Tags give the ability to mark specific points in history as being important
  • v1.1.0 protected   hourly resolution support and new data handlers
    Release v1.1.0
    • general:
      • MLAir can be used with 1H resolution data from JOIN
      • new data handlers to use the Kolmogorov-Zurbenko filter and mixed sampling types
    • new features:
      • new data handler DataHandlerKzFilter to use Kolmogorov-Zurbenko filter (kz filter) on inputs (#195)
      • new data handler DataHandlerMixedSampling that can used mixed sampling types for input and target (#197)
      • new data handler DataHandlerMixedSamplingWithFilter that uses kz filter and mixed sampling (#197)
      • new data handler DataHandlerSeparationOfScales to filter-depended time steps sizes on filtered inputs using mixed sampling (#196)
    • technical:
      • bug fix for very short time series in TimeSeriesPlot (#215)

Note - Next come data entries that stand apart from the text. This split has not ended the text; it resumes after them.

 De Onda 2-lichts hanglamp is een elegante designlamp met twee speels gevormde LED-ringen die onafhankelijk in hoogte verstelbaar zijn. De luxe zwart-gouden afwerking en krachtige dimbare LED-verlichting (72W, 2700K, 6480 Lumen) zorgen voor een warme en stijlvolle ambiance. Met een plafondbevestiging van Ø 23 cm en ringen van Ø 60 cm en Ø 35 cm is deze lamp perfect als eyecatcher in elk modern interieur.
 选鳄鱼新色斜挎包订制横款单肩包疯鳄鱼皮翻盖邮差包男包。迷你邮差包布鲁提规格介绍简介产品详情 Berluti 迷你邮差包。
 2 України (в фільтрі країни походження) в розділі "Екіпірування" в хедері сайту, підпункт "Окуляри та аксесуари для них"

      • bug fix for variable dictionary when using hourly resolution (#212)
      • variable naming for data from JOIN interface harmonised (#206)

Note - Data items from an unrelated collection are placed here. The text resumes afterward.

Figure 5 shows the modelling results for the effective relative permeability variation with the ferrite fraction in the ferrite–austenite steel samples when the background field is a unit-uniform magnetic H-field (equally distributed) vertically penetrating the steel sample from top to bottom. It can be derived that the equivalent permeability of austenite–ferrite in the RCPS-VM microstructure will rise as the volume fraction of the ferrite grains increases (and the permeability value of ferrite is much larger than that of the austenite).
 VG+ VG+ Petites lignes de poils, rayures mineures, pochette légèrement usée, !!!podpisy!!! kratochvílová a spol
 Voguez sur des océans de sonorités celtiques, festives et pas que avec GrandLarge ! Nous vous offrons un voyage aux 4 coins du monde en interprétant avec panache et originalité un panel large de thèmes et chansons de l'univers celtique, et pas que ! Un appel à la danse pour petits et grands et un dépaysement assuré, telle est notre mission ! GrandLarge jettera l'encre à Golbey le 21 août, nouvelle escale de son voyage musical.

      • transformation setup is now separated for inputs and targets (#202)
      • bug fix in PlotClimatologicalSkillScore if only single station is used (#193)

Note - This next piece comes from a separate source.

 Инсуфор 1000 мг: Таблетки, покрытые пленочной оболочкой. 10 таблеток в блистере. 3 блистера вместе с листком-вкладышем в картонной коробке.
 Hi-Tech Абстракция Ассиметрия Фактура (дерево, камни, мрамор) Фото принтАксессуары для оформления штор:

      • preprocessed data is now stored inside experiment and not in the data folder
  • IntelliO3-ts-v1.0_R1-submit   This version was used for R1 of https://gmd.copernicus.org/preprints/gmd-2020-169/

    This version was used for R1 of https://gmd.copernicus.org/preprints/gmd-2020-169/

  • v1.0.0 protected   official release of new version 1.0.0
    Release v1.0.0
    • general:
      • This is the first official release of MLAir ready for use
      • updated license, installation instruction
    • technical:
      • restructured order of packages in requirements
  • v0.12.2 protected   HDFML support
    Release v0.12.2
    • general:
      • HDFML support
    • technical:
      • installation script for HDFML adjusted, #183
  • v0.12.1 protected
    b0b449f1 · release v0.12.1 ·
    Release v0.12.1
    • general:
      • introduced a notebook documentation for easy starting, #174
      • updated special installation instructions for the Juelich HPC systems, #172
    • new features:
      • names of input and output shape are renamed consistently to: input_shape, and output_shape, #175
    • technical:
      • it is possible to assign a custom name to a run module (e.g. used in logging), #173
  • v0.12.0 protected   Documentation and Bugfixes
    Release v0.12.0
    • general:
      • improved documentation include installation instructions and many examples from the paper, #153
      • bugfixes (see technical)
    • new features:
      • MyLittleModel is now a pure feed-forward network (before it had a CNN part), #168
    • technical:
      • new compile options check to ensure its execution, #154
      • bugfix for key errors in time series plot, #169
      • bugfix for not used kwargs in DefaultDataHandler, #170
      • trainable parameter is renamed by train_model to prevent confusion with the tf trainable parameter, #162
      • fixed HPC installation failure, #159
  • v0.11.0 protected   v0.11.0
    Release v0.11.0
    • general:
      • Introduce advanced data handling with much more flexibility (independent of TOAR DB, custom data handling is pluggable), #144
      • default data handler is still using TOAR DB
    • new features:
      • default data handler using TOAR DB refactored according to advanced data handling, #140, #141, #152
      • data sets are handled as collections, #142, and are itable in a standard way (StandardIterator) and optimised for keras (KerasIterator), #143
      • automatically moving station map plot, #136
    • technical:
      • model modules available from package, #139
      • renaming of parameter time dimension, #151
      • refactoring of README.md, #138
  • v0.10.0 protected   official name released MLAir, new Workflows, easy Model plug-in possible
    Release v0.10.0
    • general:
      • Official project name is released: MLAir (Machine Learning on Air data)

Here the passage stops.